#### DATA RECORDS:
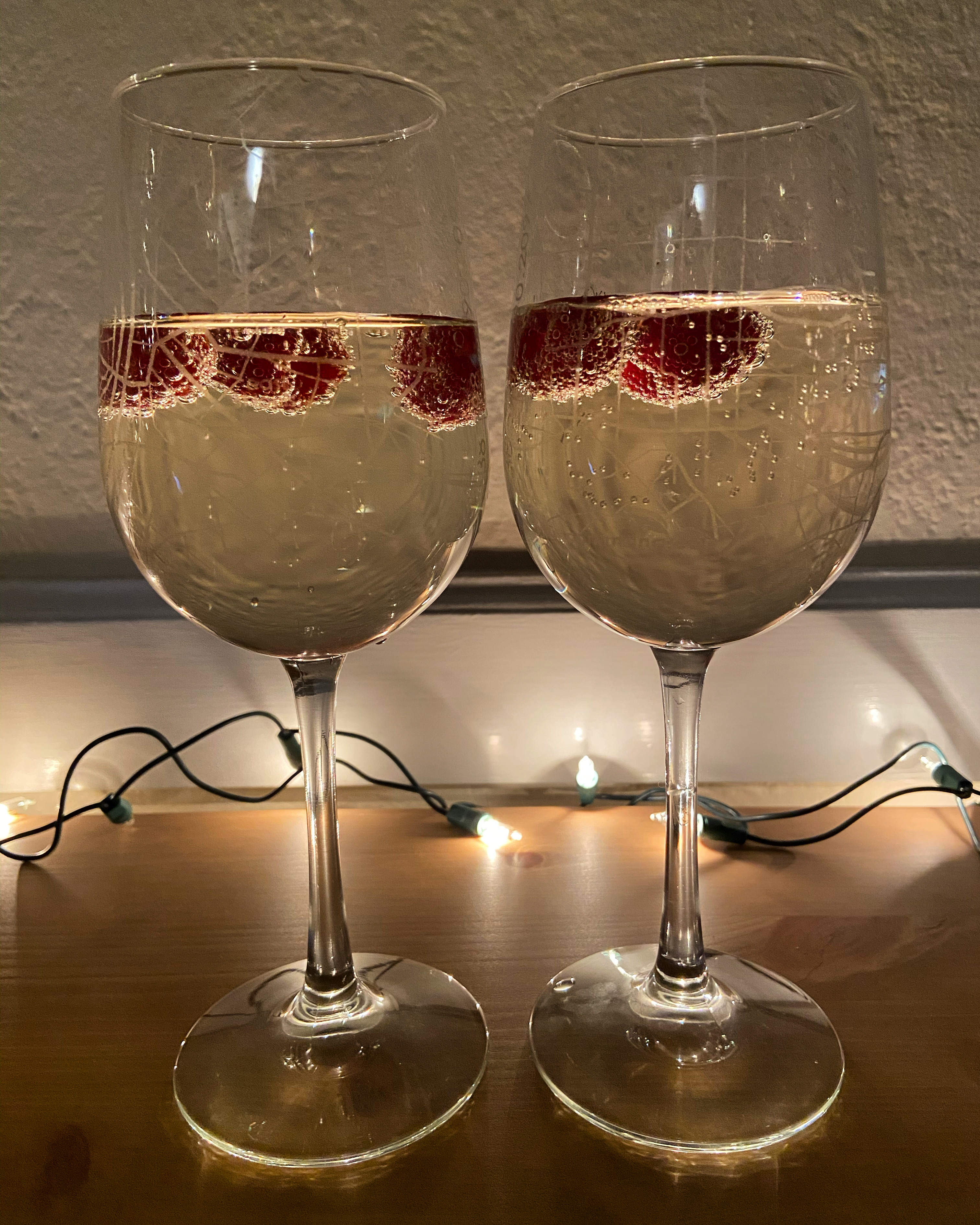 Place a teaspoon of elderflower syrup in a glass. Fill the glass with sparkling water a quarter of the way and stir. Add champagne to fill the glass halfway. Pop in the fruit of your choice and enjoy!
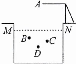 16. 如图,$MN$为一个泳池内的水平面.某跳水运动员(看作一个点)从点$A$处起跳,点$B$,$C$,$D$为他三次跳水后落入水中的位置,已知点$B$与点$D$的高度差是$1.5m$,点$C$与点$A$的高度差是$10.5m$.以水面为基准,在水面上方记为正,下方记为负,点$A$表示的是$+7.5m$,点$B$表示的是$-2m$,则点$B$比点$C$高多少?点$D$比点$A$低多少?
--
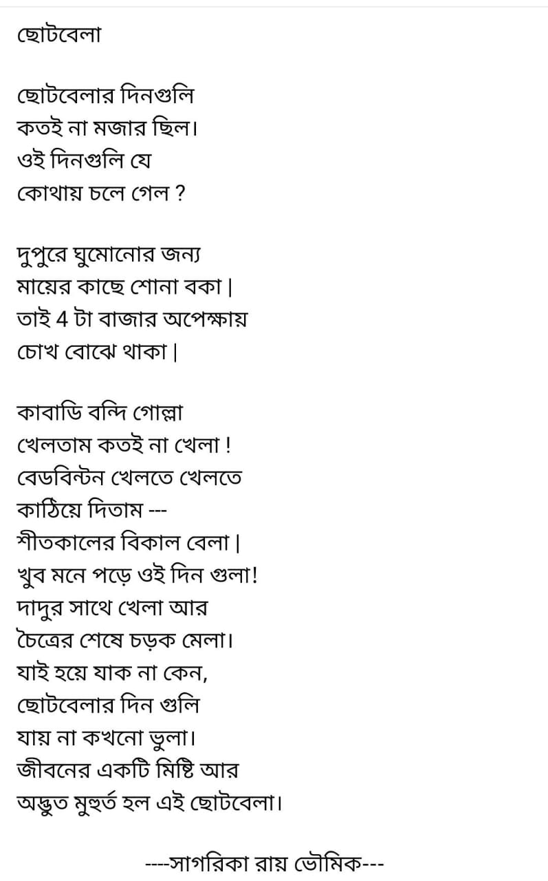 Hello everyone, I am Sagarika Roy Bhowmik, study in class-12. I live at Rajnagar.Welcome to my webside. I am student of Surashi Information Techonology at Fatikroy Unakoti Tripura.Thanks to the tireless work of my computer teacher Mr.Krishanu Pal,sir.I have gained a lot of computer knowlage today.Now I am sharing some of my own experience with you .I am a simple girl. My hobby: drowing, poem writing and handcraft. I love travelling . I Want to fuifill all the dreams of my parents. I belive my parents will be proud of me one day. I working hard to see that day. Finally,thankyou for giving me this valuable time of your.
...
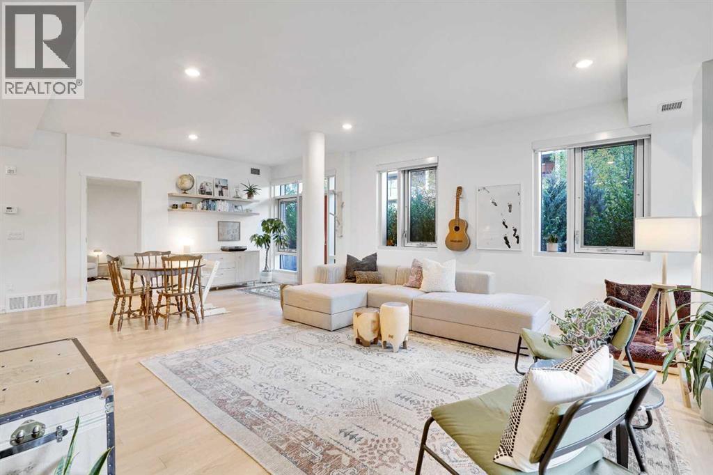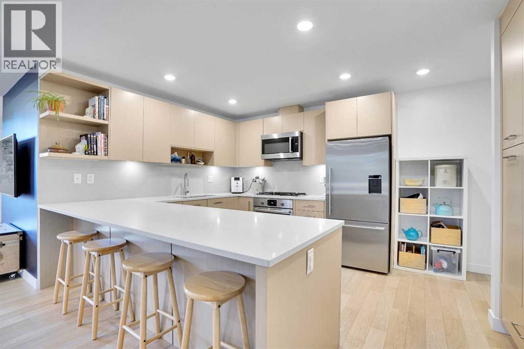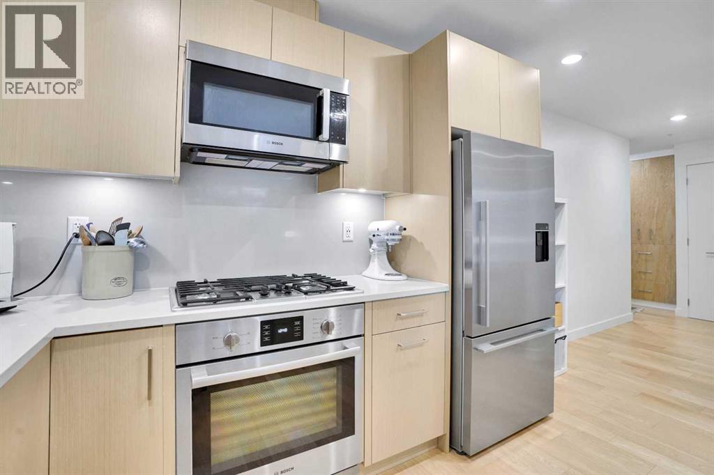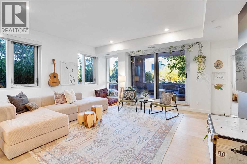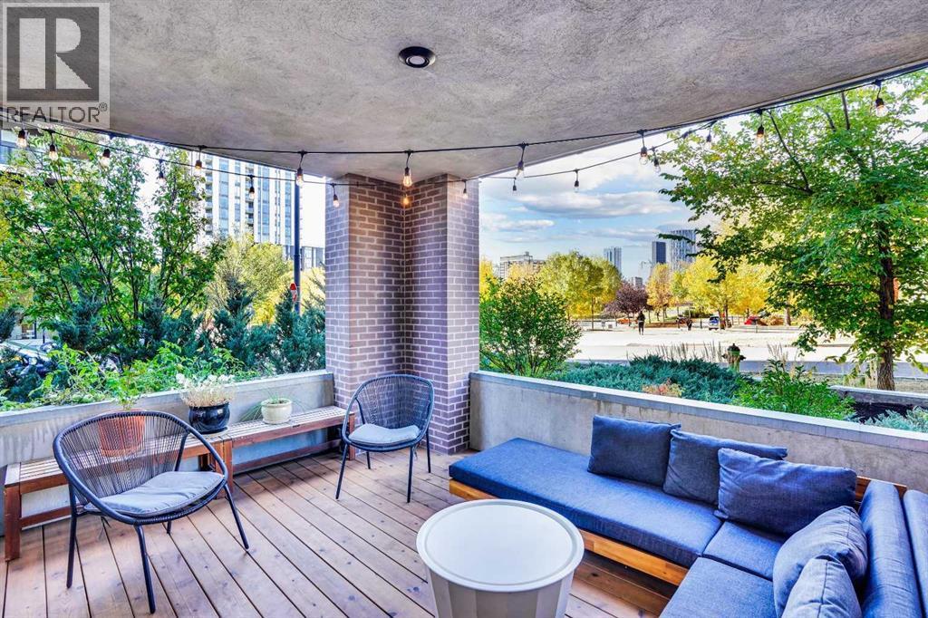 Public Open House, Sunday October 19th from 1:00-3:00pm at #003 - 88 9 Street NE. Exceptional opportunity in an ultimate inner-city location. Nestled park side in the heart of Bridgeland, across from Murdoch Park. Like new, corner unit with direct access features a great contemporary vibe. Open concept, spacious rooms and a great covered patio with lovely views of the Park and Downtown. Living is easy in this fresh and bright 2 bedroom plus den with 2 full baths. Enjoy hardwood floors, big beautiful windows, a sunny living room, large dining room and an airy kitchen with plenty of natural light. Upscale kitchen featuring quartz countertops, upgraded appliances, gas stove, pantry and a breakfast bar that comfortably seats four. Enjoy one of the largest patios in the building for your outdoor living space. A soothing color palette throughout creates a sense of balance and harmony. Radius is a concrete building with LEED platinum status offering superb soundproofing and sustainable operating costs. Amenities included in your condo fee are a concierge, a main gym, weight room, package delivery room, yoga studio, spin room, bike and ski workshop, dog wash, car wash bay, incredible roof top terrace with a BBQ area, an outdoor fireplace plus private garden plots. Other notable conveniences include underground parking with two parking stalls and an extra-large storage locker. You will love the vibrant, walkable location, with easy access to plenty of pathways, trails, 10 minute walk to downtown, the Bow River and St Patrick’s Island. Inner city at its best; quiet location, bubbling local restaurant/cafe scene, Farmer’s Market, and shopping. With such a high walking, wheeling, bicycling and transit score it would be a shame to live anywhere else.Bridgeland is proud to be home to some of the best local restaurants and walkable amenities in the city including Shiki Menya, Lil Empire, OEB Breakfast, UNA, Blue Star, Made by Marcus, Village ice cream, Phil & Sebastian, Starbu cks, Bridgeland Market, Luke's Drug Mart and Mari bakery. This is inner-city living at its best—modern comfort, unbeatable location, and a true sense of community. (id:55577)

#### WORK ITEM:
Starting with the line above that holds "Place a teaspoon", restate each line word for word up to and including the line that holds "16. 如图,$MN$为一个". Drop the pictures.

#### WRITTEN SOLUTION:
 Place a teaspoon of elderflower syrup in a glass. Fill the glass with sparkling water a quarter of the way and stir. Add champagne to fill the glass halfway. Pop in the fruit of your choice and enjoy!
 16. 如图,$MN$为一个泳池内的水平面.某跳水运动员(看作一个点)从点$A$处起跳,点$B$,$C$,$D$为他三次跳水后落入水中的位置,已知点$B$与点$D$的高度差是$1.5m$,点$C$与点$A$的高度差是$10.5m$.以水面为基准,在水面上方记为正,下方记为负,点$A$表示的是$+7.5m$,点$B$表示的是$-2m$,则点$B$比点$C$高多少?点$D$比点$A$低多少?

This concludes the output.